Y ahora, ¿qué? ¿Eh?
¿Cómo rellenamos las grietas de este vacío espantoso? ¿Dónde diablos encontramos el botón de reinicio? ¿A quién le toca desenladrillar, a base de estridentes martillazos, estos cielos? ¿Quién conserva las fuerzas necesarias para dominar esta sensación de nudo en la garganta?
¿Qué empleado del mes se encargará de recoger las flores mustias de las aceras?, ¿y las zapas Nike que quedaron abandonadas, sobre charcos de sangre, en medio del fragor de la batalla? ¿Quién se ocupará de cambiar los escaparates acribillados por las implacables balas? ¿A qué DJ Resident le tocará pinchar este finde en la Bataclan? ¿Cuántos bombarderos harán falta para reembolsar tanto dolor? ¿En qué tipo de guerra descabellada nos invitarán a involucrarnos?
Y, ahora, ¿qué? ¿Eh?
¿Desfanatizarse o no desfanatizarse? He aquí la cuestión. La duda. La misma que llevaría al depre de Hamlet, frente a un dátil con forma de calavera, tras replanteársela una y otra vez, al borde mismo de un ictus cerebral. Sobre todo si en vez del príncipe de Dinamarca fuese un inmigrante de segunda generación en la Francia posterior al V-13.
No debe de ser nada fácil, en estos momentos, ejercer de musulmán en París. Pasear por sus bulevares. Entrar en un multicine. Beberse una 1664. Comprar media baguette. Calzar babuchas. Imagino la vehemencia de las miradas a su alrededor. Algo de lo que me han hablado, siempre a media voz, algunos colegas musulmanes. Miradas furtivas, cruzadas, lacerantes y odiosas que te clavan al pasar por las vías concurridas cuando no eres más que el extraño, el extranjero, el moro, el musulmán. Esas miradas que, a menudo, matan. Miradas atroces que se reproducen, cual carcinoma, metastaseándolo todo a tu paso, tras un atentado yihadista.

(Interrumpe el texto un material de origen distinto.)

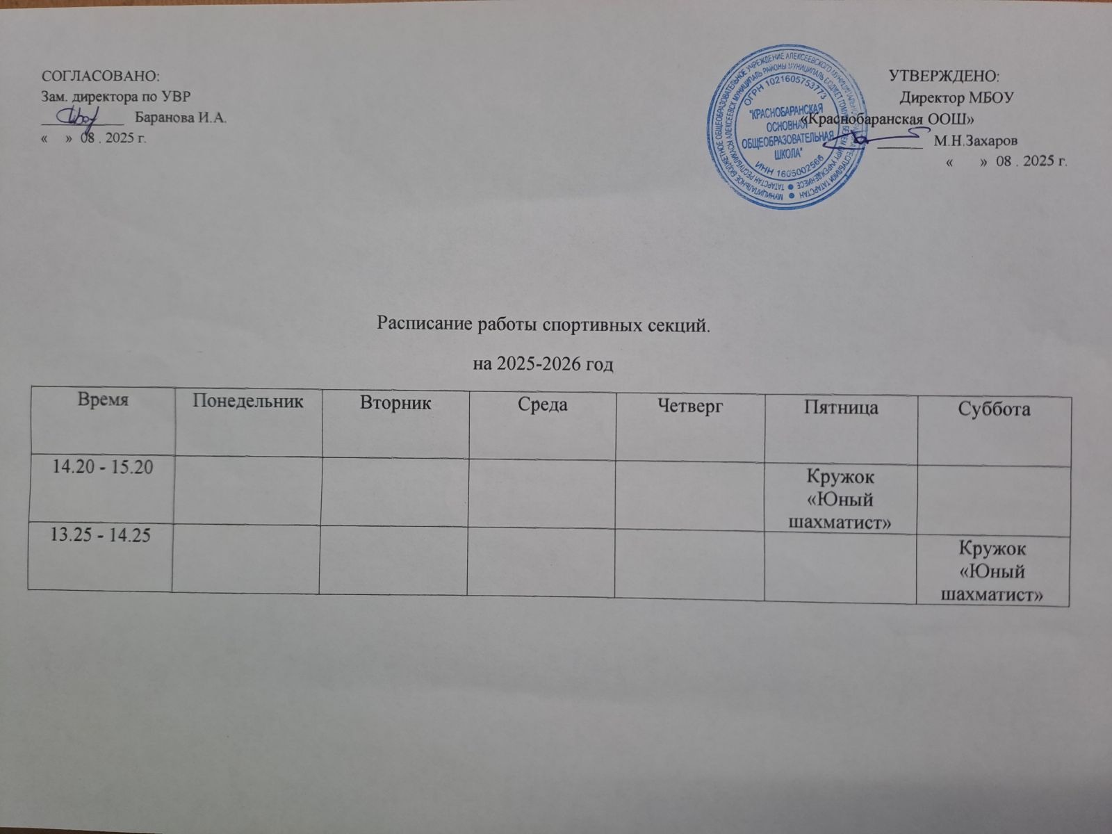 Расписание работы ШСК на 2025 - 2026 уч.год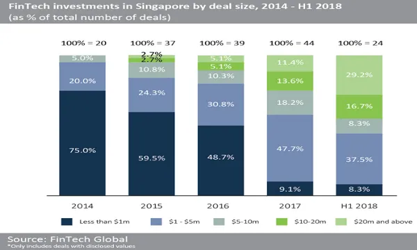 "There was an absence of deals valued above $10m in 2014. However, this category’s share subsequently increased year-on-year; in 2017, a quarter of all deals were larger than $10m. This trend continued in H1 2018 with 45.8% of investments in this range," Fintech Global added.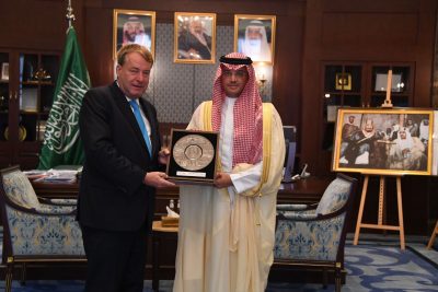 وفي بداية الاستقبال رحب سموّه بالسفير الالماني ، متمنيًا له طيب الإقامة في المحافظة ، وتبادل سموّه مع السفير الالماني الأحاديث الودية، وبحث الموضوعات ذات الاهتمام المشترك .
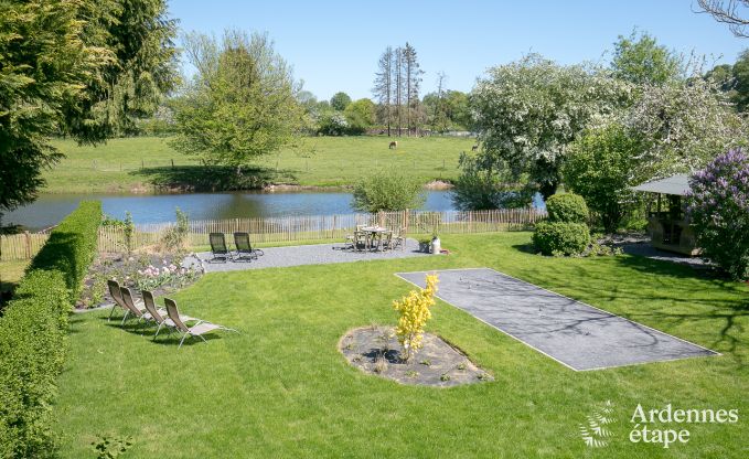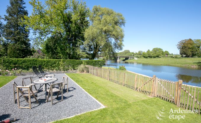 Holiday by the river in a charming holiday home in the centre of the picturesque village of Chassepierre. With three bedrooms, wood fire, games room, patio and garden.

No. No debe de ser sencillo, desde la noche del pasado viernes, caer en desgracia en tu ciudad. Recaer en las sospechas. Pagar, humillando la cabeza, una deuda sangrienta que no compartes. Heredar culpas ajenas hasta que llegues a dudar de un Dios, el tuyo, que habla sin mostrarse y a menudo obliga a inmolarse en su nombre.
Y, ahora, ¿qué? ¿Eh?
El principal delito de odio en España, y en la mayor parte de los países occidentales, es la islamofobia. Su vigencia no sólo es total, sino que hoy cobra visos de encarnizarse. Hasta el día en que admitamos que, como anunció clamando a las torpes nubes con su áspera voz Gloria Fuertes, "Dios, Alá y Mahoma tampoco evitan que caiga ensangrentada una paloma".